Пан Куциевский до такой тонкости дошел, что даже собак различает. Вот этот бульдог русский, а эта борзая жидовская. И никогда нельзя ошибиться. Есть такие особые признаки.
Под томпаковой плешиной шевелится мысль:
«Когда бендзе круль, тшеба закон: метить жида сверху для отлички. Кольцо в губу альбо тавро конске Ж».
Даже в квартире нет покоя пану Куциевскому.
Один только жилец — бесспорный русак: слесарь Патрикеев. Знает такие кацапские матерные выверты, каких ни один иностранец не выучит.
«Адмиральша? Альбо русская, альбо нет. Как был царь, то офицеров-жидов не было. Что? А министр Витте взял пани из одесских жидов. О! Як бога кохам, неладно. Нос с горбом…»
«Борис Павлович Воздвиженский? Прозванье русское. Альбо дьябла в прозванье, — за пятнадцать карбованцев можно теперь из Мовшенсона стать Митрополитовым. Борис!.. Борух!.. И с Пекельманами запанибрата».
«Пекельманы? Ну, то нечего и думать. Пекельман! О, пся крев!»
Мимо комнат Пекельманов нужно ходить по коридору, кривя губы, словно в рот попала какая-то гадость. Изредка можно плюнуть на дверную ручку.
Мадам Пекельман умирает от скоротечной чахотки. Так и надо. Бог наказывает треклятый народ.
По утрам, если приходится попасть в очередь у ванной после Пекельмана, нужно вымыть мочалкой фаянсовую чашку умывальника и облить сулемовым раствором из большой бутылки, нарочно стоящей на полке. Не потому, что чахотка заразна, а потому, что Пекельман. Брр!
Стать бы хозяином квартиры, тогда можно было бы запереть ванную, а ключи дать только Патрикееву, ну и еще адмиральше. А Пекельманы с Воздвиженским пусть бегают на кухню к грязной раковине. Но квартира — коммунальная: приходится переносить. Скверно жить среди хамского быдла, имея шляхетскую гордость и родословное древо.

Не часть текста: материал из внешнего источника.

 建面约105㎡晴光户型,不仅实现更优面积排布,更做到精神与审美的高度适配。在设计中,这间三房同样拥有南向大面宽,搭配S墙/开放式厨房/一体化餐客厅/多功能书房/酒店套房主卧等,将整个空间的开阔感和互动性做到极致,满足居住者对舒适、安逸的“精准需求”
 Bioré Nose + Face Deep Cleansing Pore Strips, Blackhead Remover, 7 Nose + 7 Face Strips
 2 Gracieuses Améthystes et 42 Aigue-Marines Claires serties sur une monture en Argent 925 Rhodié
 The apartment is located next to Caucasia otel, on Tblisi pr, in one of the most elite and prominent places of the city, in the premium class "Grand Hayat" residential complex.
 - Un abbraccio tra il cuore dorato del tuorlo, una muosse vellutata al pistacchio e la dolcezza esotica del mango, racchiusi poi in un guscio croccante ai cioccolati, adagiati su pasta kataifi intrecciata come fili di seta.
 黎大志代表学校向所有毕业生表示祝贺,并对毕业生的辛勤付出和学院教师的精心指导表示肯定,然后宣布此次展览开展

Пекельманы живут широко. На два человека — две комнаты.
Леля Пекельман, по удостоверению диспансера, пользуется отдельной комнатой, на зависть другим.
Но она себе не завидует. Недолгое и горькое счастье.

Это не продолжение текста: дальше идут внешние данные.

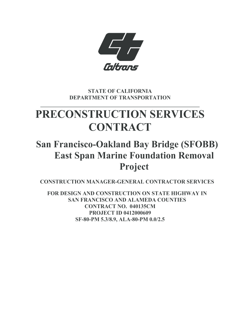 STATE OF CALIFORNIA DEPARTMENT OF TRANSPORTATION PRECONSTRUCTION SERVICESCONTRACTSan Francisco Oakland Bay Bridge (SFO BB) East Span Marine Foundation Removal Project CONSTRUCTION MANAGERGENERAL CONTRACTOR
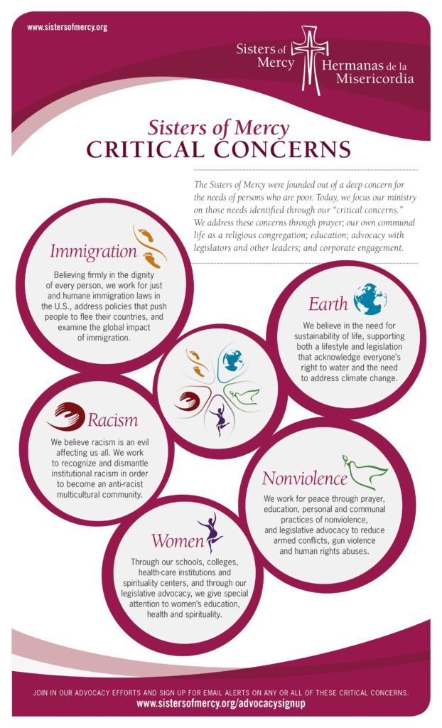 But we’re not just growing vegetables—we’re growing Mercy and care for the Earth too! The Earth is just one of five critical concerns of the Sisters of Mercy, which together are racism, nonviolence, women, immigration, and the environment. Check out this infographic (right) which explains how the Sisters are taking on these issues!
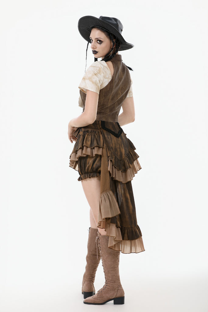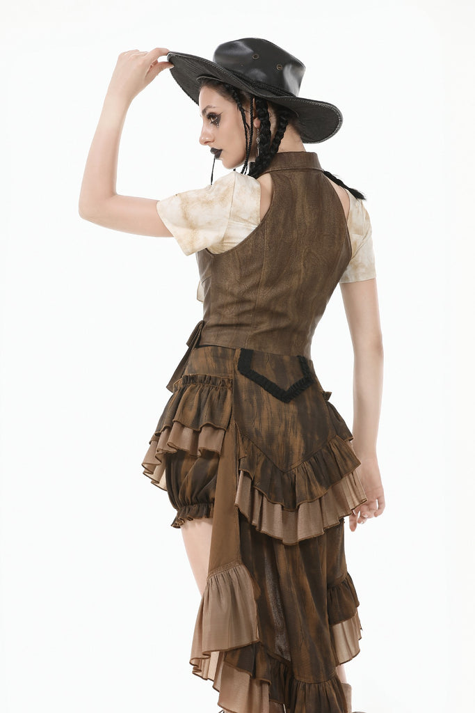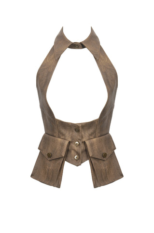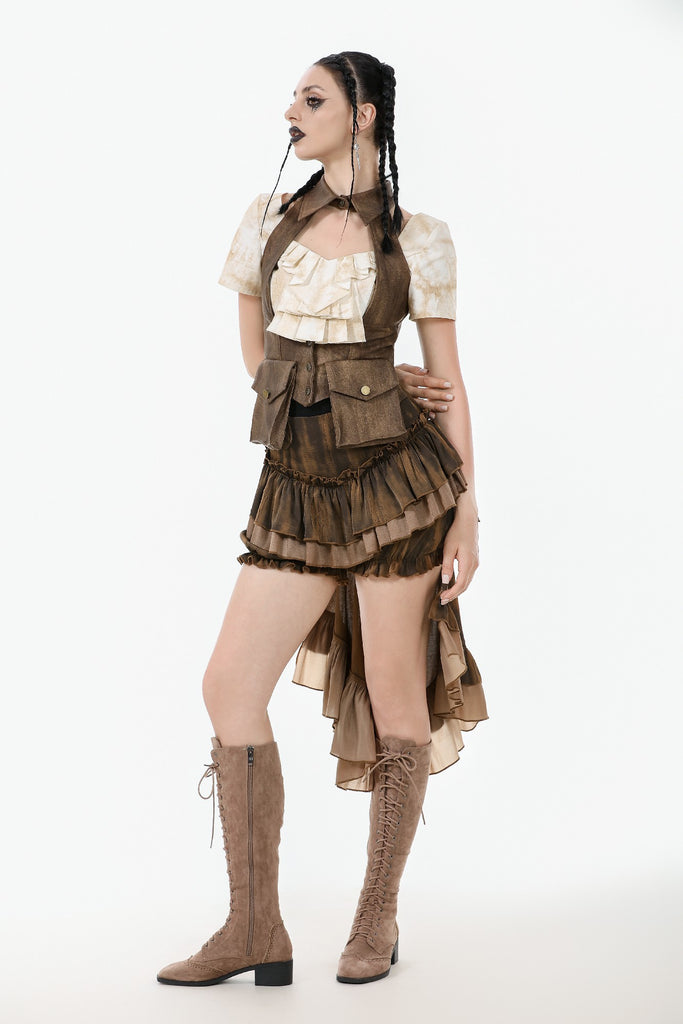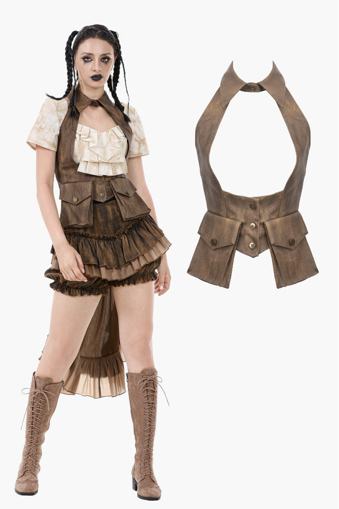 Where invention meets seduction—this steampunk vest brings vintage machinery and gothic elegance into a single striking silhouette. A bold chest cutout reveals just enough edge, framed by a structured turn-down collar that adds timeless character.

Нельзя угадать, когда иссохшая крысиная лапка туберкулеза набросит душную подушку тьмы на обтянутые губы, жадно ловящие последние вздохи.
В солнечной комнате Лели Пекельман грустный и щемящий уют, всегдашний уют умирающей юности. Желтые шторки на окнах обволакивают углы в золотистый теплый трепет, на мебели строго висят белые чехлы, высокое зеркало над туалетным столиком сияет холодно и чисто.
Леля неподвижно лежит весь день на узенькой девичьей кровати, накрытая веселой радугой бухарского одеяла.
Худыми пальцами, схожими с пенковыми папиросными мундштучками, она безостановочно перелистывает страницы книг.
Книг много: они лежат на Лелиной груди, в ногах, по всему одеялу, на кресле у постели, на украинском цветном коврике, — кривятся пестрыми масками бесчисленные томики. Леля не расстается с ними.
Когда слишком рано умираешь, горько и неотвратимо хочется знать, как жили, живут и будут жить другие без тебя. Как будут тосковать и ненавидеть, ликовать и любить, со здоровой беспечностью шагая через вдавленный бугорок, под которым чернозем высасывает неживые соки из отслужившего миру без времени тела.
Торопись, торопись, уже угадавшее свой срок сердце! Не уставайте впитывать льстивый мед книжного обмана, ненасытные глаза!
Книги приносят Леле муж и Борис Павлович Воздвиженский. Больше Борис Павлович — у него приятель в правлении крупного издательства, и через него можно получать все книжные новинки.
Муж Лели Пекельман — заведующий районной текстильной лавкой рабочего кооператива «Красный путь». Зовут его Генрихом; родом он из старого холмистого Дерпта, не то немец, не то эстонец. Он высок, поджар, еще молод (по паспорту тридцать два); но в сутулой фигуре, в вяло свешенных руках, в морщинках, прямо падающих от носа к углам рта, — тяжелая стариковская усталость.
По странной случайности, снаружи лицо Генриха Пекельмана окрашено здоровой ореховой смуглотой, гладкие волосы черны до синего блеска, зрачки без райков смотрят из-под бровей владимирскими наливными вишнями. По первому взгляду нетрудно принять его за тореадора, из прихоти надевшего толстовку.
Так кажется всем, кроме пана Куциевского, для которого Генрих Пекельман — пломбированный обрезанец.
Пекельман угловат, малоподвижен, молчалив… В квартире редко слышали его голос. Даже встречаясь в коридоре с другими жильцами, здоровается он молча, сухо склоняя гладко причесанную голову.